## 1.

## Introduction

Speckles, a high-contrast, fine-scale, granular image texture, prevail in all scattering-based coherent imaging modalities, including laser imagery,^{1} ultrasonography (US),^{2}^{,}^{3} synthetic aperture radar,^{2} and optical coherence tomography.^{3} When multiple scatterers are randomly distributed in a resolution cell of the imaging system, they cannot be resolved. Consequently, the partial waves scattered from individual scatterers interfere and form a speckle. Speckle grains create image artifacts that do not correspond to the real structure of the object.^{1} Many efforts have been made to mitigate speckle artifacts at the expense of system complexity, imaging time, or spatial resolution.

Speckles become fully developed when coherent partial waves have phases completely randomized within a full range of $2\pi $. Here, coherence refers to correlation instead of in-phase. For wideband waves, the phase is associated with the center frequency. Speckles, however, are under-developed in some circumstances. For example, if mirror surfaces are imaged by optical coherence tomography, or smooth bone surfaces are imaged by ultrasonography, we observe a phenomenon referred to as ‘specular reflection.’^{4} Specular reflection is formed by constructive interference of coherent partial waves that have phases randomized only within $[0,\pi ]$ or less. For scattering-based coherent imaging, two conditions must be met to ensure specular reflection. First, all scatterers on the surface must have similar properties so that the polarity changes to the incident wave due to backscattering are the same. Second, the boundary roughness must be less than $\lambda /4$—“with $\lambda $ being the center wavelength”—so that the phase-delay variations due to scatterer spatial distribution differences are within $\pi $.

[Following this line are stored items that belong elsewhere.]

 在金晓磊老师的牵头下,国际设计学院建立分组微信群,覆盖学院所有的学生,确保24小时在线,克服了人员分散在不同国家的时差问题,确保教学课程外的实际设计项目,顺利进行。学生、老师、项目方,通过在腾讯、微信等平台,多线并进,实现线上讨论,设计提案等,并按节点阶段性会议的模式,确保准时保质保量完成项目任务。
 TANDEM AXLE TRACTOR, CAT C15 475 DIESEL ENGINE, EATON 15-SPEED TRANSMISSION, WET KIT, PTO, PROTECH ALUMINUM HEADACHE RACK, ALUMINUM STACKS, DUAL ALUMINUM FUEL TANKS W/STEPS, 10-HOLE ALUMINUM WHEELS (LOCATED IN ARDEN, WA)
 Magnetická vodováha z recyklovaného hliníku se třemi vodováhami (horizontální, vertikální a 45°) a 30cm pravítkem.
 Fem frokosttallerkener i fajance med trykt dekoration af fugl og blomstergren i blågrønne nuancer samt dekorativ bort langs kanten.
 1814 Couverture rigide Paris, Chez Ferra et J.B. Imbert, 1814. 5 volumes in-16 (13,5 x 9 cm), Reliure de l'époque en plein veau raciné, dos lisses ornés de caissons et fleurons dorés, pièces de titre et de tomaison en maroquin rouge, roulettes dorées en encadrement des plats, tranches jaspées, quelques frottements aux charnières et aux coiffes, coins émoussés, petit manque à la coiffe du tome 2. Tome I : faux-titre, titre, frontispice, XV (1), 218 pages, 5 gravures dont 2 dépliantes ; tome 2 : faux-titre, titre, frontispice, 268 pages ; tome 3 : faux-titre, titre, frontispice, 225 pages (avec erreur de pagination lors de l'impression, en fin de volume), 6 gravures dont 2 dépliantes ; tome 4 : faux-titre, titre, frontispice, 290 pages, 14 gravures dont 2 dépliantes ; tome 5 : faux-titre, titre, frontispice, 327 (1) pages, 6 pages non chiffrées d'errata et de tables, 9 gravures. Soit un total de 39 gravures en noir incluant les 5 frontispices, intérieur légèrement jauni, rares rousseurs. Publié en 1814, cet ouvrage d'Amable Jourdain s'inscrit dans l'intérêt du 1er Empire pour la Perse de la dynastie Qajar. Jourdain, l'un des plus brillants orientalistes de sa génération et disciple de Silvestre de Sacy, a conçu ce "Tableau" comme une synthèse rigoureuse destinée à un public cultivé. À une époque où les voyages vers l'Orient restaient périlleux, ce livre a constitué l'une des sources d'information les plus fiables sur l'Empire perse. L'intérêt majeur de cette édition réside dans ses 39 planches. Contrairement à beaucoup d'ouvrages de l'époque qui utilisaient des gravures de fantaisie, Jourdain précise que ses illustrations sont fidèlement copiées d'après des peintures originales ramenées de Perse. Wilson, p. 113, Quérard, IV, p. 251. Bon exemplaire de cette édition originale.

Photoacoustic (PA) tomography (PAT) is a promising imaging technology that exploits optical absorption contrast from absorbers, such as hemoglobin,^{5}^{–}^{10} melanin,^{6} water,^{11} organic dyes,^{12} and nanoparticles,^{13} using ultrasonic detection.^{14} In PAT, tissues are usually irradiated by a short-pulsed laser. Absorbed light is converted into heat, which is further converted to a positive pressure rise via thermoelastic expansion. The initial pressure rise then propagates as ultrasonic waves, which are detected by one or more ultrasonic transducers. Then, all of the received ultrasonic signals are used to form an image.

As a coherent imaging modality based on optical absorption, PAT is generally devoid of speckles. For the following reasons identified in our previous work,^{15} speckles in PAT are usually suppressed by prominent boundary buildups, referred to as “specular emission” here, via a mechanism similar to that of specular reflection. First, because the initial PA pressure rise is always positive, the propagated PA wave from any finite-sized optical absorber starts with a positive pressure and ends with a negative pressure.^{16} In addition, because most PAT systems are linear and shift-invariant, the changes to the polarities of these partial waves due to imaging systems are the same. As a result, these partial waves possess the same initial polarities. Therefore, PAT naturally satisfies the first condition for “specular reflection” except that “specular emission” is a more accurate description.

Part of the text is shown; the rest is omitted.